• **YOUR TASK**: Using the data below, return word for word every line from the one holding "Apart from the" down to the one holding "Après le carton". Leave pictures out.

• **RECORDS SHOWN**:
+---+

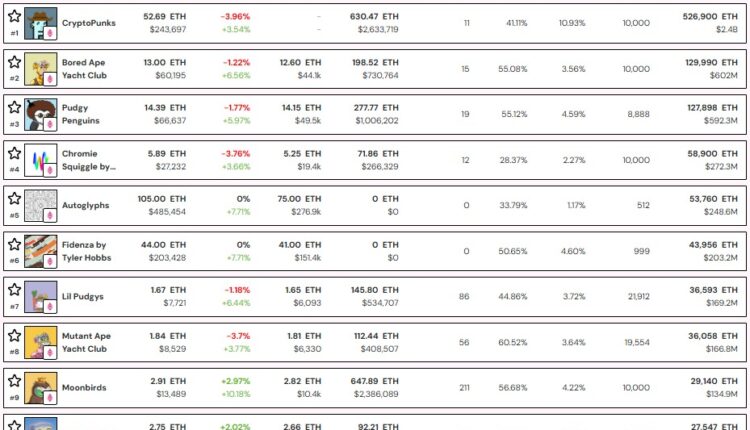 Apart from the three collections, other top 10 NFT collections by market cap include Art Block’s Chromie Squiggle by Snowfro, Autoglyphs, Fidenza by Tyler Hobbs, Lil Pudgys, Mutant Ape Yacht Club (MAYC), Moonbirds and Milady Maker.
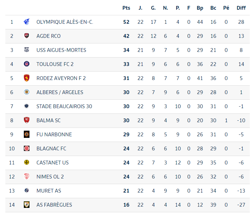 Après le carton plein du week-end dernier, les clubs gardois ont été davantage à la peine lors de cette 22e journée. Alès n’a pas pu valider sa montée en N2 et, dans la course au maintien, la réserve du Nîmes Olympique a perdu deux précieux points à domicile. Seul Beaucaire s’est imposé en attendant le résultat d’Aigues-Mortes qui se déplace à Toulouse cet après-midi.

+---+

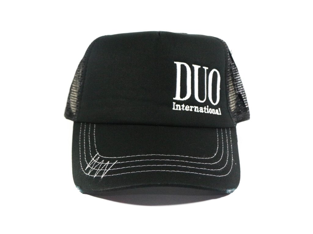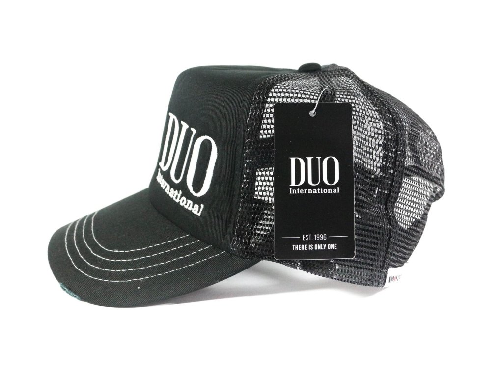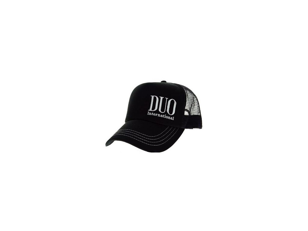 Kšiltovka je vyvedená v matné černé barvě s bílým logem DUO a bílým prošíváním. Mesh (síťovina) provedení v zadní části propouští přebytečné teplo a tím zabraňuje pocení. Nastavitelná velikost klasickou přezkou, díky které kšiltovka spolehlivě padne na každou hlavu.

+---+

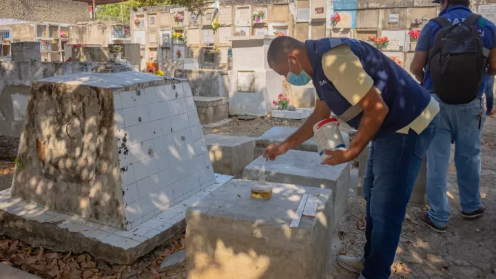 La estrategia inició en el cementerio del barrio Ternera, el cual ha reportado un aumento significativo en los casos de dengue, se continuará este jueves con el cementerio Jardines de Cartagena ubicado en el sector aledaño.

+---+

• **ANSWER BOX**:
 Apart from the three collections, other top 10 NFT collections by market cap include Art Block’s Chromie Squiggle by Snowfro, Autoglyphs, Fidenza by Tyler Hobbs, Lil Pudgys, Mutant Ape Yacht Club (MAYC), Moonbirds and Milady Maker.
 Après le carton plein du week-end dernier, les clubs gardois ont été davantage à la peine lors de cette 22e journée. Alès n’a pas pu valider sa montée en N2 et, dans la course au maintien, la réserve du Nîmes Olympique a perdu deux précieux points à domicile. Seul Beaucaire s’est imposé en attendant le résultat d’Aigues-Mortes qui se déplace à Toulouse cet après-midi.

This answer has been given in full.